October brings beautiful changes in the leaves, mild weather, pumpkin spice lattes and most importantly, Halloween! The spooky season is upon us, so we’ve decided to round up some of the most ghost-filled places in the state we call home. Turn all of your lights on and get under the covers … Here are the most haunted places in Kentucky!
The 7 Most Haunted Places in Kentucky
Perryville Battlefield — Perryville, KY
On October 8, 1862, Kentucky’s biggest and bloodiest Civil War battle took place at Perryville Battlefield. It is believed that around 7,600 individuals were wounded or killed in battle, and their bodies were left to decompose on the battlefield. As a result, many visitors have reported seeing ghost-like figures wandering the grassy fields, sometimes in complete daylight, so it’s no wonder why Perryville Battlefield makes our list of haunted places in Kentucky.
The Old Talbott Tavern — Bardstown, KY
Most infamously known for hosting outlaw Jesse James of the James-Younger Gang, the Old Talbott Tavern is home to a pretty unique history. Not only was James attacked during his stay, but he also believed he saw someone in his room and fired his gun — leaving bullet holes in a painting and on the wall. It’s rumored that James still visits the tavern to this day. He’s not the only one, however. The ghost stories run rampant here. Tavern guests have reported seeing a strange woman, as well as having their stuff moved or even taken. Ready to book your stay?
The Seelbach Hotel — Louisville, KY
“The Lady in Blue,” widely agreed to be Mrs. Patricia Wilson, still roams the halls looking for her husband who never made it to the Seelbach Hotel. The legend goes, they’d gone through a rough patch in their marriage and were taking a vacation to rekindle the romance. Unfortunately, Mr. Wilson died in a car accident on the way to the hotel. Not long after, Mrs. Wilson’s body was found at the bottom of an elevator shaft at the hotel. Whether it was a tragic accident or a suicide is still unknown, but should you ever see her wandering about the mezzanine, you can ask her yourself.
Sleepy Hollow Road/Devil’s Point — Prospect, KY
Kentucky’s own “Legend of Sleepy Hollow” takes place on Sleepy Hollow Road. If you find yourself driving late at night, headlights are your only friend and source of light on this winding road. The story goes that a dark hearse will speed up behind you, too close for comfort, and make you so nervous you lose sight of the turns and crash. But if that’s not enough to scare you, take Sleepy Hollow down a little further and you’ll find Devil’s Point — a site known for satanic rituals and sacrifices, haunting chants and bonfires with people dressed in black robes.
Kentucky State Penitentiary — Eddyville, KY
If there’s anywhere that hosts “tortured souls,” it’s the Kentucky State Penitentiary. This maximum security and supermax prison can hold up to 856 prisoners at a time. This prison has a long history of abuse, a prison break, two death penalty executions and one death from a hunger strike. Rumored to be haunted, prison guards and inmates have reported voices and footsteps when no one is there. Disembodied screams and other chilling experiences add to the scare factor.
Bobby Mackey’s Music World — Wilder, KY
Come for a drink, stay for the ghosts! Bobby Mackey’s Music World is not only one of the most haunted places in Kentucky, but it has also been given the title of “the most haunted nightclub in America.” With paranormal activity considered the norm, management has even had to put up a sign saying they’re not responsible for anything the ghosts do.

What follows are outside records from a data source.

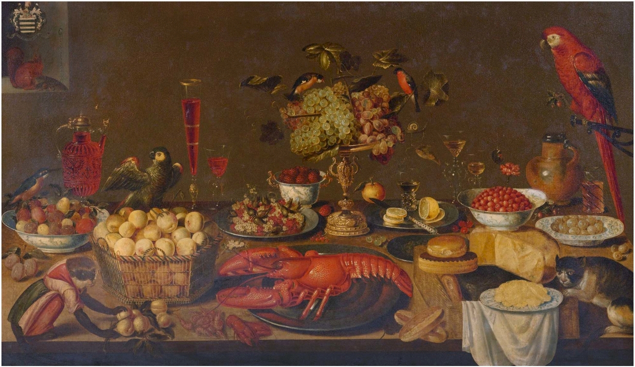 Artus Claessens (fl 1625 – 1644) Large banquet still life with lobster, fruits, wine glasses, porcelain and pewter plates, birds, monkey, squirrel and cat
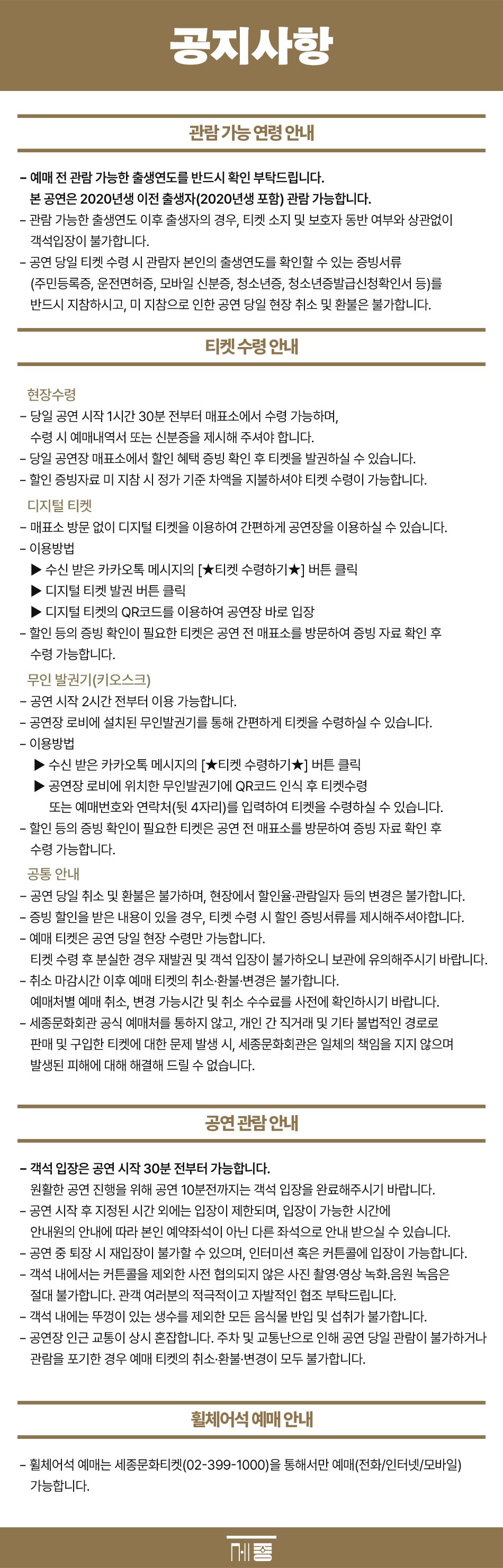 - 공연이 시작된 이후에는 안내원의 유도에 따라서만 입장할 수 있으며, 본인 좌석이 아닌 빈 좌석으로 안내될 수 있습니다.
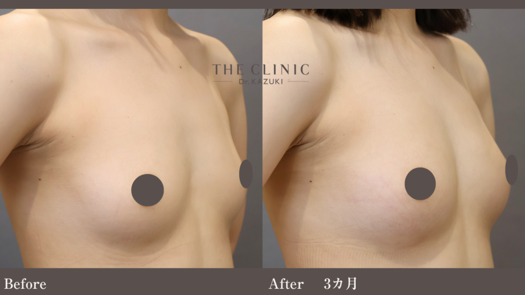 大腿後ろ半周から脂肪吸引を行い、コンデンスリッチ脂肪豊胸を行いました。
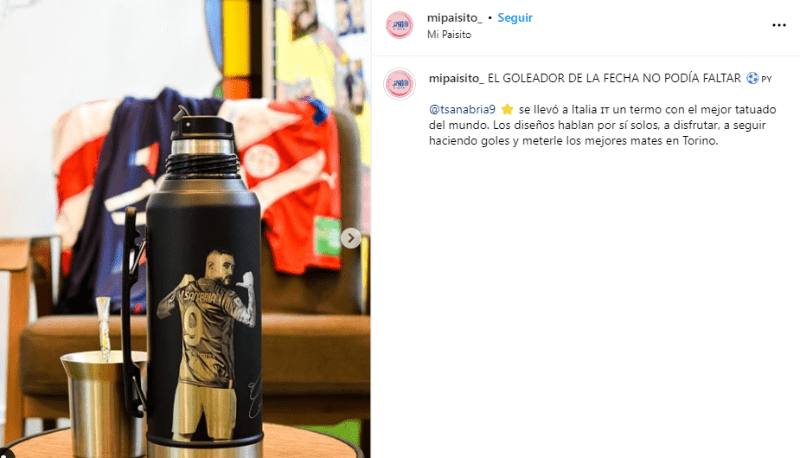 Ahora, de vuelta al Torino, se llevó un termo de mate totalmente personalizado por parte de una empresa paraguaya que obsequió por haber marcado el tanto.

This former slaughterhouse-turned-haunted nightclub has been featured on just about every ghost hunter-type TV show there is, and it’s a popular tourist destination for those seeking a spooky experience.
Waverly Hills Sanatorium — Louisville, KY
Known for being Louisville’s most visited haunted house, Waverly has a history like no other. It opened in 1910 due to an outbreak of tuberculosis and was designed to treat up to 50 patients. However, TB spread like wildfire, and the hospital found itself treating 140 people at once. Because the disease was so contagious, patients were not able to live outside of Waverly’s walls. It became its own community, complete with a ZIP code, post office and more.
Expansions began in the early 1920s, making Waverly capable of hosting over 400 patients. When a cure was found, the tuberculosis hospital was no longer necessary. It was closed down and quarantined, then later reopened as Woodhaven Medical Services. That facility closed as well, and the property owners found no reason to maintain the appearance of the building. In 2001, the building was purchased and restored to serve those who love the paranormal through ghost tours, a commercialized haunted house and even the opportunity to stay overnight … if you dare.
We hope you found the haunt you’ve been searching for this season!